劉婉菁站在農田旁,不明所以的看著玉巧嫣一逕忙著,連臉上沾了泥土都顧不得擦掉。
「公主,你在看什麼?那丫頭有什麼好看的?」秋香看主人在這裡已經觀察半天了,不知她心裡到底在想什麼。
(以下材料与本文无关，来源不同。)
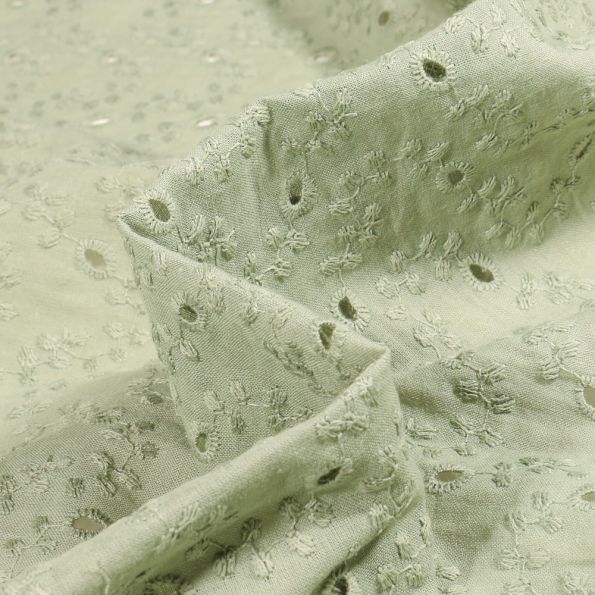 Tissu Broderie anglaise coton ajouré uni Andrea sur fond Vert pastel - Par 10 cm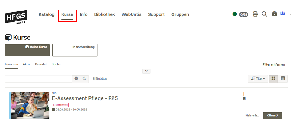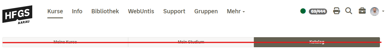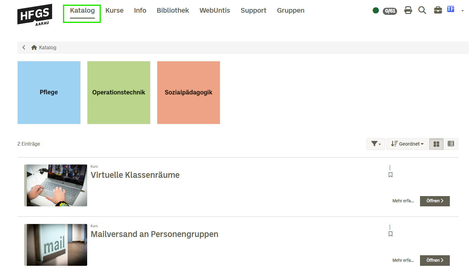 In den folgenden Bildern sehen Sie die NEUE Ansichten. Sie werden Ihre Kurse weiterhin entweder über den Katalog oder über den Reiter Kurse oben finden: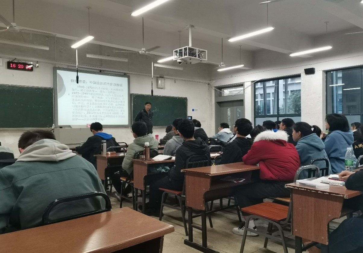 紧接着,在廖璠艺老师的介绍下,敖双红教授开始为同学们进行相关知识的传授。敖双红教授以丰富的史实知识和幽默的语言风格激起了同学们的求知欲望,同学们在欢声笑语中既了解到中国宪法的发展历程,又知晓了宪法于一个国家的重要性,加深了同学们对国家的根本大法——宪法的认识。
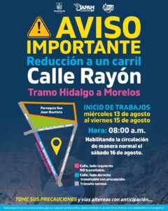 A partir de mañana hasta el viernes 15 de agosto realizaremos trabajos de arreglo del arroyo vehicular derivados de reparaciones en la línea de agua en Calle Rayón, en el tramo comprendido entre Hidalgo y Morelos.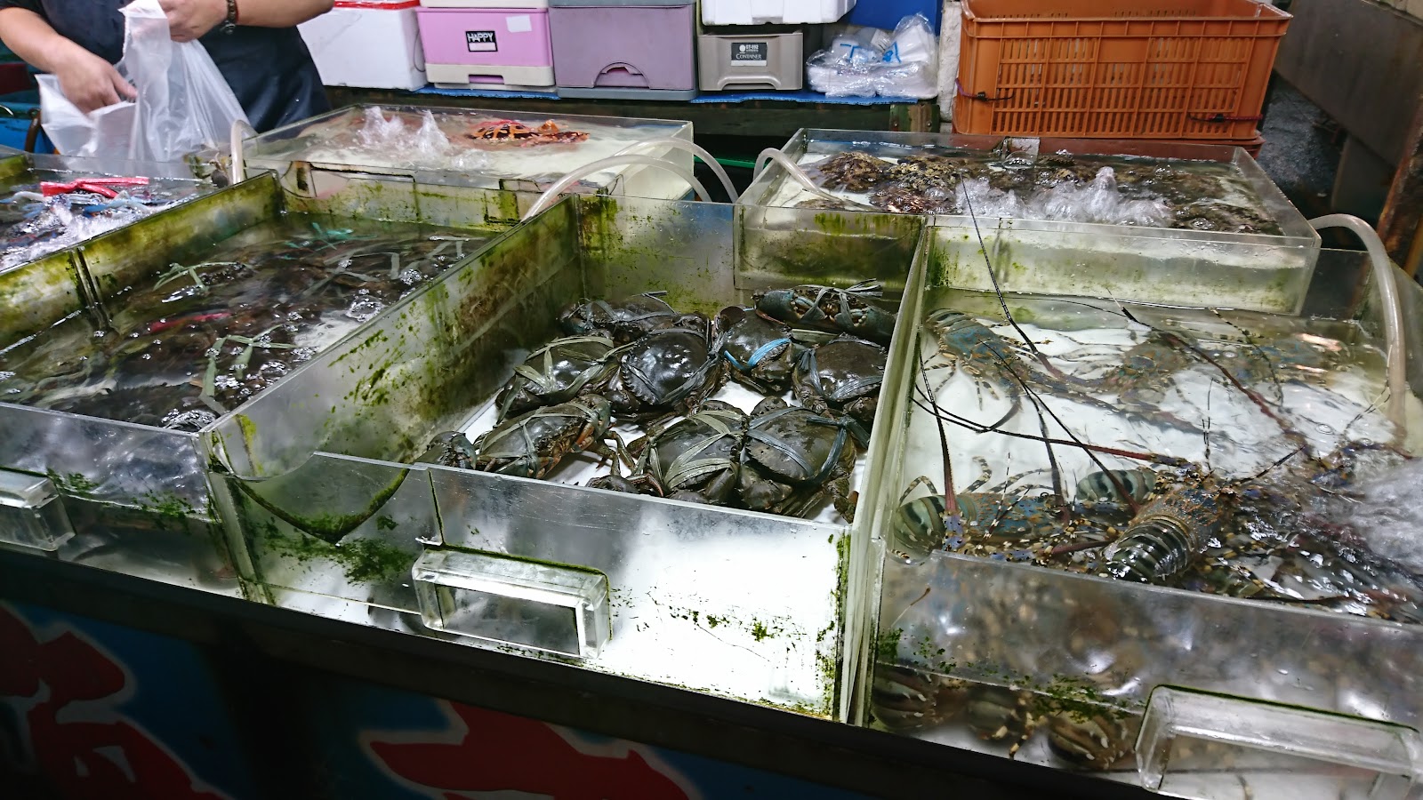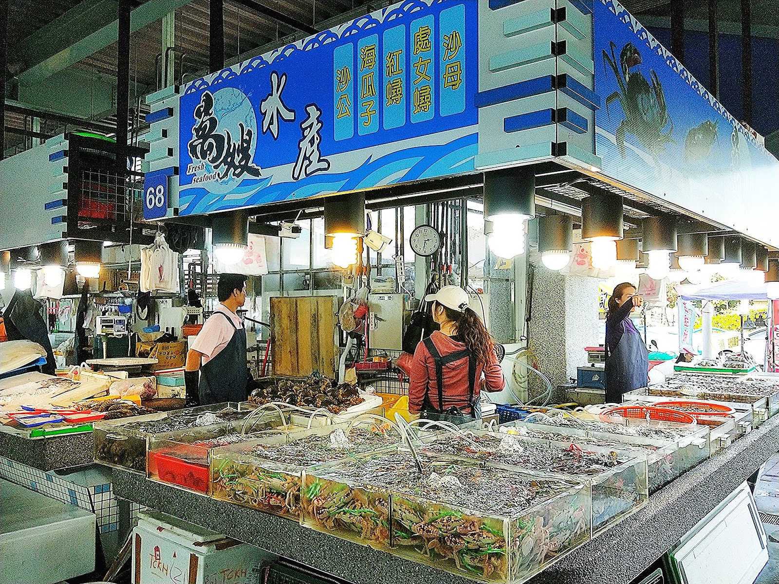 雖然整體沒有到很大,但上門的遊客不少,這裡絕大多數的海鮮都有明碼標價,超讚,不用擔心價格問題,也有公秤供民眾使用,有生鮮,有熟食,冷凍漁產,烏魚子都有,我最有興趣該是甲殼類了,螃蟹,龍蝦,貝螺類是大宗,魚其實也不貴,可惜我自己一個,不然買幾盤魚,選些蝦蟹去代客料理,那該多滿足啊!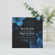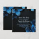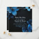 Carte de remerciement de mariage sombre avec fleurs bleues avec paillettes.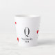 Moderne U R MY MVP Christlich Valentine's Monogram Latte Tasse, mit moderner Typografie und roten Herzen. Das Design dieses Valentins wird auf der Rückseite wiederholt und in der Mitte befindet sich ein ZOLLBARES MONOGRAMM, wo Sie Ihren ersten Platz hinzufügen können. Unter ist ein Platzhalter-Gruß und ein Christlicher Bibelverse für Ruth 1:16 (Wohin du gehst, werde ich gehen), den du personalisieren kannst, indem du den Gruß änderst oder deinen Namen hinzufügst. Die Tasse von MVP Valentine ist eine großartige Möglichkeit, Ihre Liebsten als Ihre wertvollste Person/Person am Valentinstag zu schätzen. Wählen Sie aus einer großen Auswahl an Valentinstag-Designs für Karten, Einladungen, Wohngestaltung, Kleidung und Geschenke, die von Berean Designs entworfen wurden. Die Tasse des Kaffees ist ebenfalls verfügbar.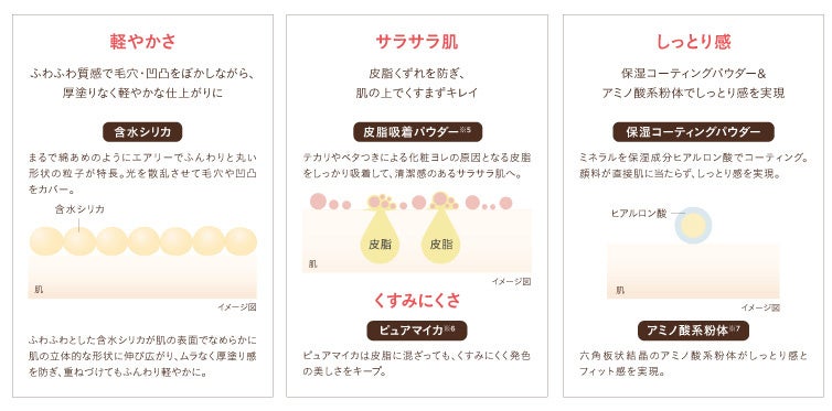 鏡のように光を反射して透明感※12を演出する「マイカ」と、光を散乱させて凹凸をぼかす「シリカ」を配合。2種類のパウダーを掛け合わせることで、光の効果で素肌を生かした自然でなめらかな仕上がりを叶えます。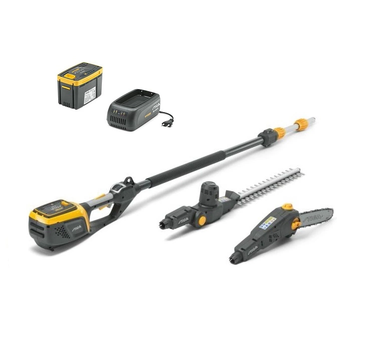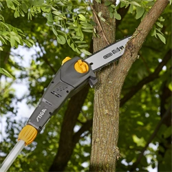 Tak, zestaw jest wyposażony w pilarkę, która umożliwia cięcie grubych gałęzi o średnicy do 25 cm, co czyni go wszechstronnym narzędziem do różnorodnych prac w ogrodzie.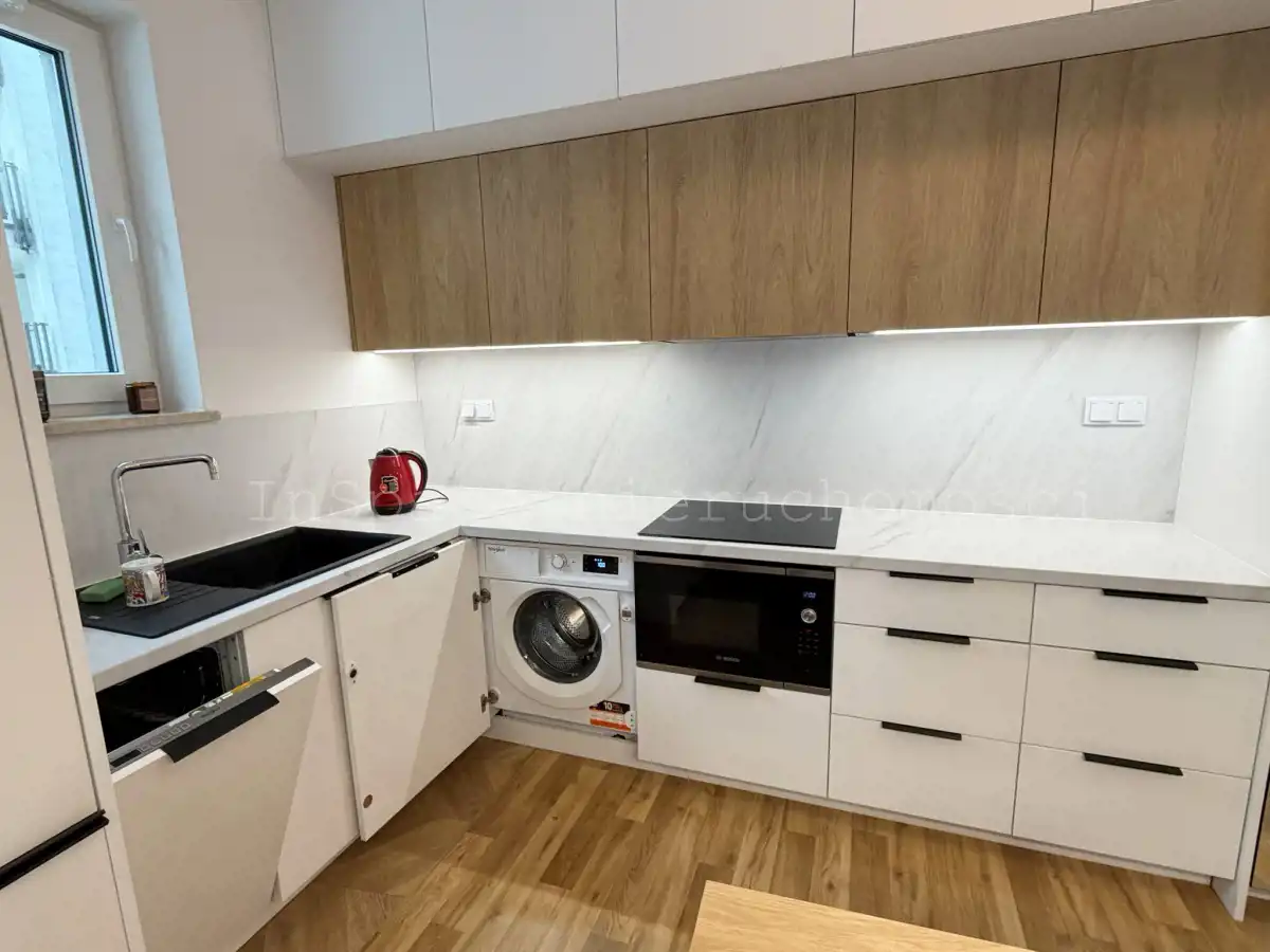 - Aneks kuchenny: lodówka, zmywarka, mikrofalówka, płyta indukcyjna, okap kuchenny, pralka. Nie ma piekarnika.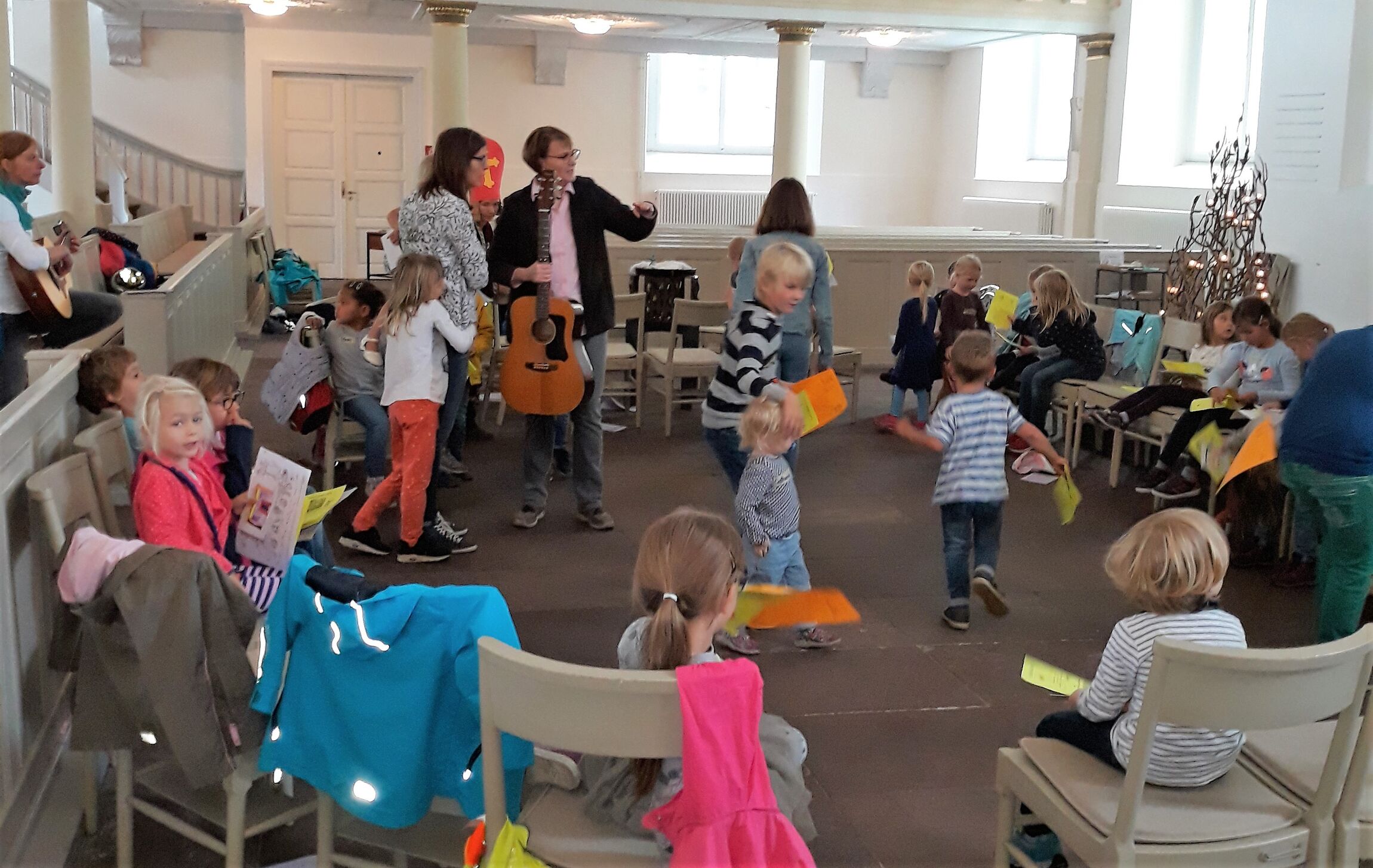 Knapp 40 Kinder waren der Einladung des Teams unter Leitung von Franziska Fenderl und Pastorin Angelika Scheepker gefolgt. Sie erlebten einen entdeckungsreichen Vormittag. An mehreren Stationen konnten die Kinder die Lambertikirche erkunden: von der Kanzel bis zu Orgel, vom zweiten Taufstein bis zum Dornbuschleuchter gab es überall viel zu sehen, zu malen, zu basteln, zu suchen, zu hören und zu singen. Sogar Bischof Lambert, nach dem die Lambertikirche ihren Namen hat, folgte der Einladung und erzählte aus seinem Leben im frühen Mittelalter. Eine Schatzsuche und ein gemeinsam neu erlerntes Lied beendete die Entdeckungstour durch Lamberti.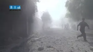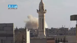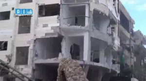 شام ريف دمشق دوما اثار الدمار جراء غارة الطيران الحربي الاولى 3 10 2014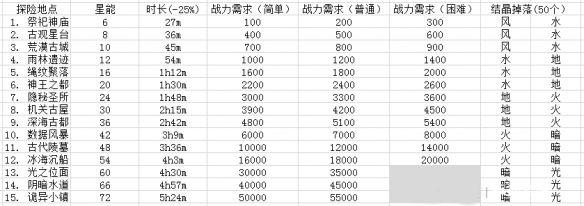 解神者中许多萌新不知道探险功能中,在哪里收益比较高,结晶掉落分别是什么,探险的战力需求是什么样的。下面小编就给就给大家带来一张探险需求与结晶掉落的表格,有小伙伴需要的就看看吧。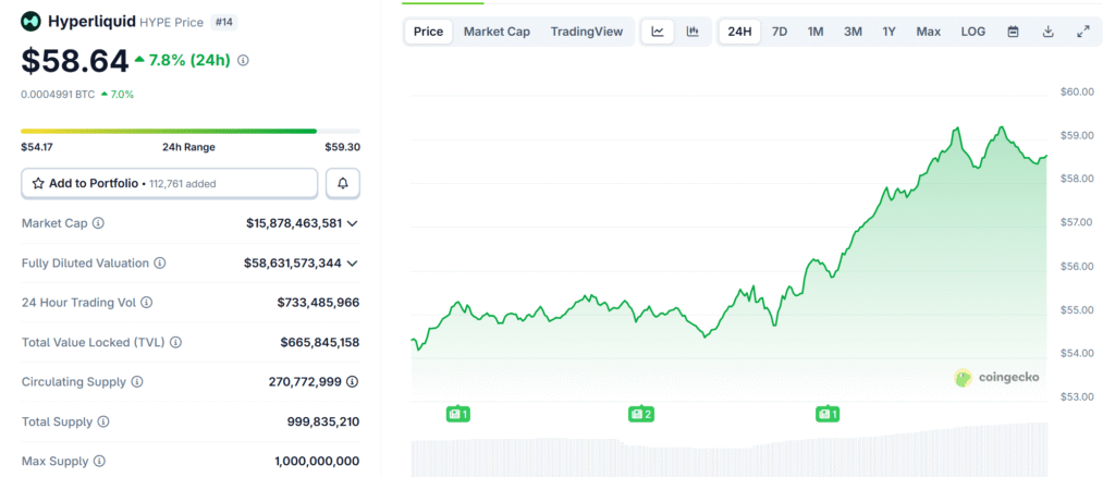 On Thursday, Hyperliquid reached an all-time high of $59.30, then pulled back before settling at $58.44.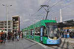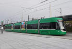 Be 6/8 Flexity 5041 mit der SALT Werbung, auf der Linie 3, wartet an der Endstation beim Bahnhof Saint Louis.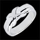 Un anillo ancho y voluminoso unido por un nudo de oro blanco.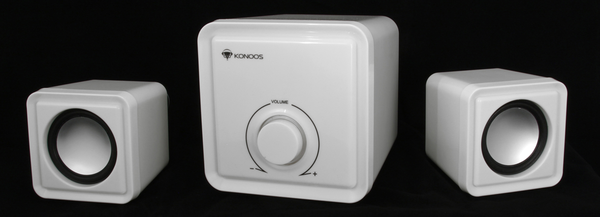 Компактная акустическая система Konoos KNS-T100 с питанием от USB-порта подходит для использования с ноутбуком или нетбуком. Новинка выполнена в минималистическом дизайне и представлена в двух цветовых решениях — чёрном и белом. На сабвуфере под ручкой управления предусмотрена мягкая подсветка зелёного цвета. Суммарная выходная мощность системы составляет 10 Вт, диапазон воспроизводимых частот – от 40 Гц до 18 кГц. При весе устройства 1,51 кг размеры сателлитов — 86 х 86 х 91 мм, сабвуфера — 135 х 135 х 140 мм.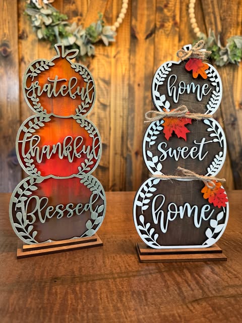 All signs, words, and shapes are unfinished and ready to paint. The words and shapes are laser cut so all edges will be dark brown to black with smooth edges. Some burn marks may appear on the backside.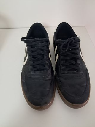 Zapatillas deportivas de la marca Hummel. - Diseño clásico en negro con detalles blancos. - Suela de goma marrón.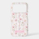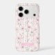 Make a statement with this iphone 17 pro phone case that is so elegant and pretty! It's modern yet trendy with a delicate blush pink wildflower floral garden pattern with wispy botanical greenery on a soft blush pink striped background and your name in a CAP font in white inside a beautiful pink box that allows your name to pop. It will go with everything and look fabulous on your phone!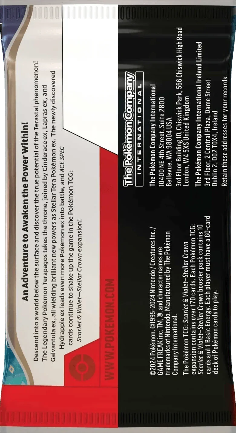 Descend into a world below the surface and discover the true potential of the Terastal phenomenon! The Legendary Pokémon Terapagos takes the throne, joined by Cinderace ex, Lapras ex, and Galvantula ex, all wielding brilliant new powers as Stellar Tera Pokémon ex. The newly discovered Hydrapple ex leads even more Pokémon ex into battle, and ACE SPEC cards continue to shake up the game in the Pokémon TCG: Scarlet & Violet—Stellar Crown expansion.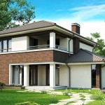 สวยโมเดิร์นที่เรียบง่าย หน้าบ้านโครงสร้างคอนกรีต ตกแต่งในฟอร์มเหลี่ยมๆ น่ามองมาก เน้นไฟที่ส่องจากหน้าต่างเป็นจุดๆไฮไลท์ ดูอบอุ่นและน่าสนใจมาก หลังคาปั้นหยา มาพร้อมกับระเบียงไม้ชั้น 2 อิฐโชว์แนวกับผนังสีเทา เข้ากันเป็นหนึ่งได้ดี

「真奇怪。」劉婉菁低低的說著,像在跟秋香說話,也像在自言自語。
「奇怪什麼?」
「為什麼她能這麼自在的在田里待上一整天,就連身上弄得都是泥土,也毫不在乎呢?」她瞧了半天,只見玉巧嫣完全沒發現她的來到,她一心全在那些嫩綠的秧苗上。
「哼!」秋香輕哼一聲,不屑道:「想也知道,那個野丫頭八成是鄉下長大的,才會對田里的事這麼熟。像這種沒教養的丫頭,也只有這點有用了。」
「秋香,不許胡說!」輕斥一聲,劉婉菁再問一句:「你不覺得巧嫣姊姊很美嗎?」美得讓她都不禁自慚形穢起來。
「有什麼美的?那丫頭別說打扮,就連注意一下整潔都沒有,整天髒兮兮的跟個泥人沒兩樣,我可瞧不出她有哪點美的。」秋香恨恨的瞪著玉巧嫣。
她當然知道玉巧嫣美,如果她不要那麼美,她還不至於那麼討厭她,偏偏那個病丫頭美得讓人心生自卑,讓人打心底恨起她的絕美來。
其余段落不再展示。